Ponad trzysta tysięcy sztuk nielegalnych białoruskich papierosów ukrytych w podłodze naczepy tira przewożącego torf na S7 w okolicy Elbląga ujawnili funkcjonariusze Straży Granicznej i urzędu celno-skarbowego. Kierowca usłyszał zarzuty przewożenia papierosów bez obowiązujących znaków skarbowych akcyzy. Grozi mu wysoka grzywna. Gdyby papierosy trafiły na polski rynek, straty Skarbu Państwa wyniosłyby 450 tysięcy złotych.

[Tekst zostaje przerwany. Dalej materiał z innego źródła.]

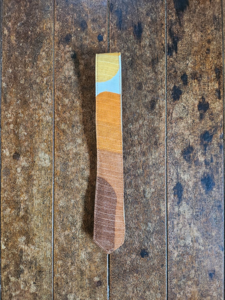 - レア ★ ビンテージ リバーシブル タイ 本 革 皮 リアル レザー カーテン リネン ヘンプ 麻 ネクタイ サイケデリック ヒッピー クラフト
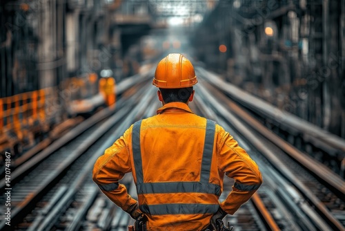 Industrial worker stands thoughtfully on railway tracks.
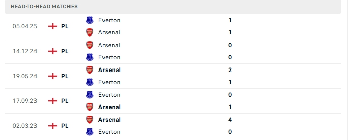 Những màn đụng độ giữa Everton và Arsenal thường diễn ra chặt chẻ với ít bàn thắng được tạo ra, cụ thể ở 3/5 lần gặp nhau gần nhất và 3/5 lần đón tiếp Arsenal trên sân của Everton khép lại không quá 2 bàn thắng.
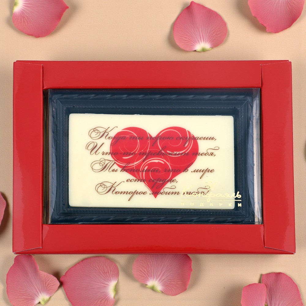 Шоколадная открытка со словами любви и нежности — прекрасный романтичный подарок любимому человеку на День всех влюбленных, семейные праздники и просто символ внимания и бесконечной признательности.
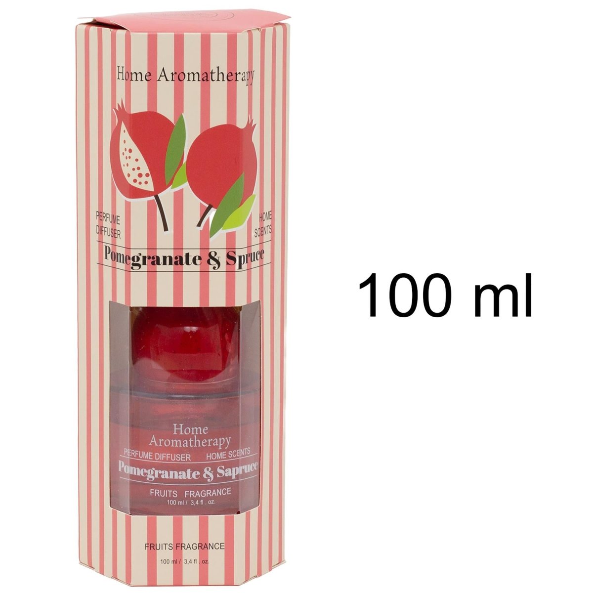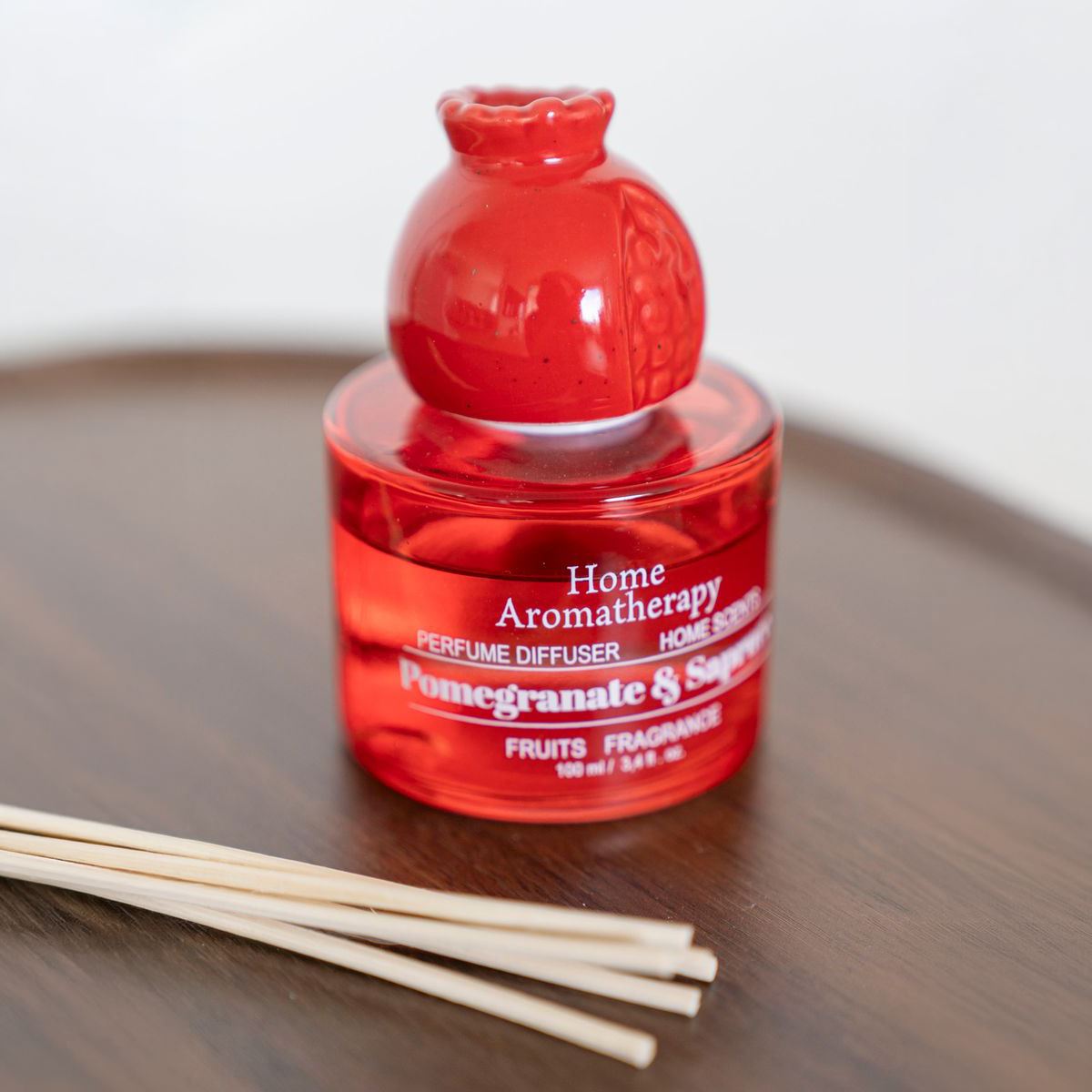 HOME FRAGRANCE | Presented in a red glass bottle with a ceramic pomegranate topper and natural reeds, offering both scent and decorative appeal
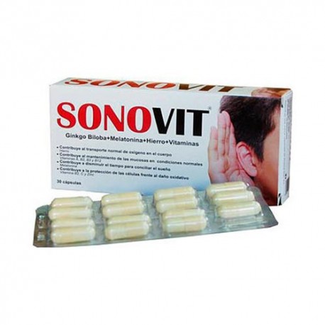 SONOVIT es un producto formulado con Ginkgo Biloba que favorece la circulación periférica que es especialmente importante para los oídos. Contribuye a una buena audición. También contiene Melatonina, Vitaminas y Hierro.
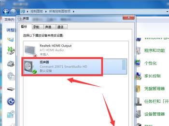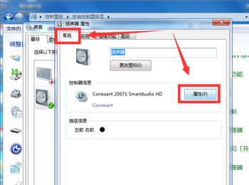 3. 第三步打开【声音】窗口后,根据下图箭头所指,选中【扬声器】并点击【属性】选项。
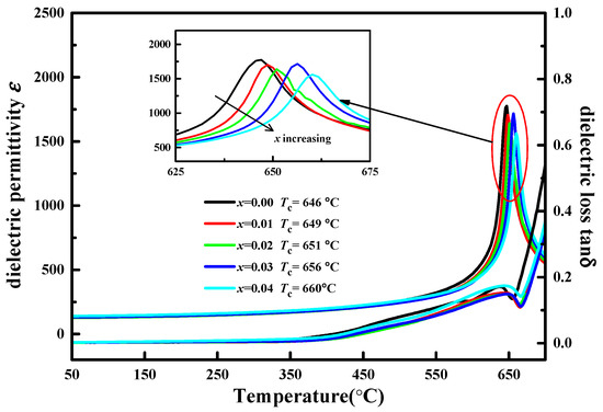Figure 6 shows the temperature dependence of the dielectric permittivity ε and the dielectric loss tan δ at 1MHz for the Mn/Nb co-doped NBT ceramics. It can be clearly seen that a single dielectric peak was detected, which is in accordance with the transition temperature of the ferroelectric phase the paraelectric phase, that is, the Curie temperature (Tc). From the inset, it is obvious that the Tc is sensitive to the Mn/Nb co-doped contents and linearly increases from 646 °C to 660 °C with the increasing doping level x. Generally, the Curie temperature is closely related to the crystal lattice distortion in the pseudo-perovskite blocks (Am-1BmO3m+1)2− in BLSFs. This distortion can be described by the tolerance factor t given by the next equation [27]:
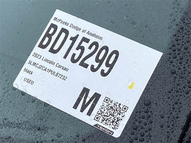 22/30 City/Highway MPG Odometer is 662 miles below market average! Clean CARFAX. CARFAX One-Owner. INTERIOR & EXTERIOR PROFESSIONALLY DETAILED FOR DELIVERY, MCPEEK CHRYSLER DODGE JEEP RAM FAMILY OWNED AND OPERATED SINCE 1961 !!!!!, 10 Speakers, 19" Bright Machined Aluminum Wheels, 3.81 Axle Ratio, 4-Wheel Disc Brakes, ABS brakes, Air Conditioning, Alloy wheels, AM/FM radio: SiriusXM, Auto High-beam Headlights, Auto-dimming Rear-View mirror, Automatic temperature control, Brake assist, Bumpers: body-color, Compass, Delay-off headlights, Driver door bin, Driver vanity mirror, Dual front impact airbags, Dual front side impact airbags, Electronic Stability Control, Emergency communication system: SYNC 4 911 Assist, Equipment Group 200A, Four wheel independent suspension, Front anti-roll bar, Front Bucket Seats, Front Center Armrest, Front dual zone A/C, Front reading lights, Fully automatic headlights, Heated door mirrors, Heated front seats, Illuminated entry, Knee airbag, Leather steering wheel, Lincoln Premium Audio System Subwoofer Delete, Low tire pressure warning, Memory seat, Navigation system: Connected Navigation (3-year trial), Occupant sensing airbag, Outside temperature display, Overhead airbag, Overhead console, Panic alarm, Passenger door bin, Passenger vanity mirror, Power door mirrors, Power driver seat, Power Liftgate, Power passenger seat, Power steering, Power windows, Premium Leather Heated Comfort Seats, Radio data system, Radio: Lincoln Premium Audio System w/MP3, Rear anti-roll bar, Rear Parking Sensors, Rear reading lights, Rear seat center armrest, Rear window defroster, Rear window wiper, Remote keyless entry, Roof rack: rails only, Security system, SiriusXM Radio, Speed control, Speed-sensing steering, Speed-Sensitive Wipers, Split folding rear seat, Spoiler, Steering wheel mounted A/C controls, Steering wheel mounted audio controls, SYNC 4 Communications & Entertainment System, Tachometer, Telescoping steering wheel, Tilt steering wheel, Traction control, Trip computer, Variably intermittent wipers.Black Metallic 2023 Lincoln Corsair Reserve FWD 8-Speed AutomaticReceive Free lube and oil filter changes for up to 45,000 miles for 3 years!!! McPeek's Dodge of Anahiem 1221 S. Auto Center Drive Anahiem, CA 92806 714-262-4902.

Służby prowadziły w ostatnich dniach działania na drodze ekspresowej S7 w okolicy Elbląga pod kątem zwalczania przemytu. Do kontroli funkcjonariusze zatrzymali tira na litewskich numerach rejestracyjnych. Kierowcą był mieszkaniec województwa mazowieckiego.
Czytaj też: Na łące leżało ponad 100 tysięcy sztuk nielegalnych papierosów - Zgodnie z dokumentami przewozowymi, transport towaru w postaci 22 tysięcy kilogramów ziemi ogrodowej odbywał się z Litwy do zakładu w powiecie braniewskim. Podczas kontroli pojazdu wykorzystano mobilne urządzenie RTG oraz psa służbowego. W obrazie RTG naczepy stwierdzono nieprawidłowości - przekazała Mirosława Aleksandrowicz z Warmińsko-Mazurskiego Oddziału Straży Granicznej.

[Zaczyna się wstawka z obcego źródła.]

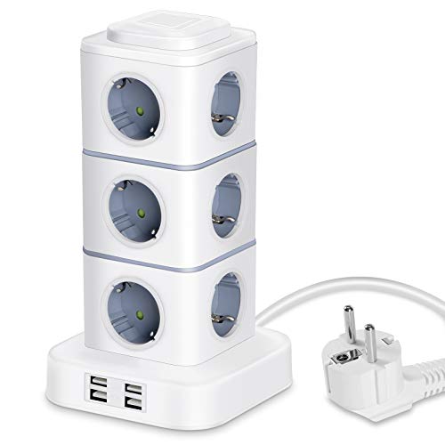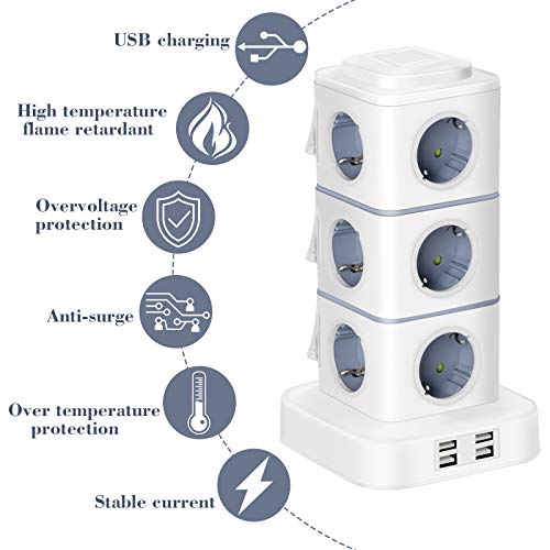LITSPOT Multipresa Verticale, Torretta Multipresa con 12 Prese (2500W / 10A) e 4USB, Ciabatta Multipresa da Scrivania Elettrica con Protezione da sovraccorrente per Smart Phone Tablet Laptop ect, 3M
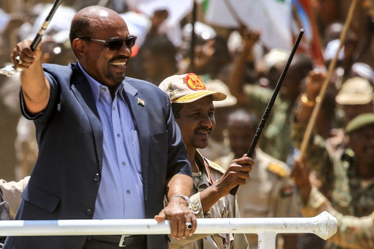 Sudan’s Omar al-Bashir (left) and Mohamed Hamdan Dagalo tour Darfur in 2017.
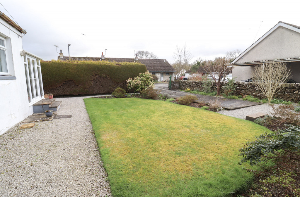 Double metal gates at the rear of the property give access to a driveway providing off street parking. The attractive gardens are laid to lawn with lovely assorted borders of shrubs and flowers. A gravel pathway leads to the conservatory and a side gate, with a raised corner bed, and to the front garden. There is a sheltered seating area located at the other side of the property.
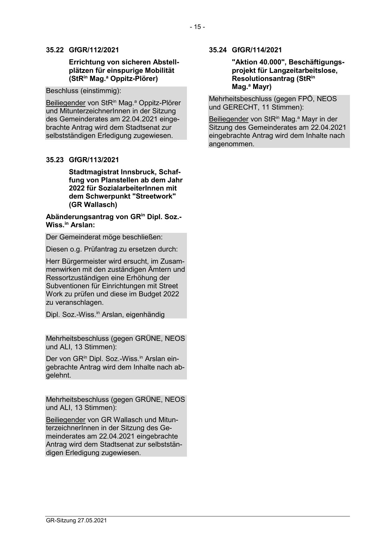 Beiliegender von GR Wallasch und MitunterzeichnerInnen in der Sitzung des Gemeinderates am 22.04.2021 eingebrachte

Ponad 300 tysięcy sztuk nielegalnych papierosów
Funkcjonariusze musieli przeprowadzić szczegółową rewizję naczepy i ładunku. Okazało się, że w pojeździe znajdowało się ponad 337 tysięcy sztuk papierosów różnych marek z białoruską akcyzą.
- Z uwagi na trudno dostępne miejsce ukrycia kontrabandy w profilach podłogi naczepy, funkcjonariuszy wsparła ochotnicza straż pożarna. Gdyby papierosy trafiły na polski rynek, straty Skarbu Państwa wyniosłyby 450 tysięcy złotych - dodała Aleksandrowicz.
Mężczyzna usłyszał zarzuty przewożenia papierosów bez obowiązujących znaków skarbowych akcyzy. Grozi mu wysoka grzywna.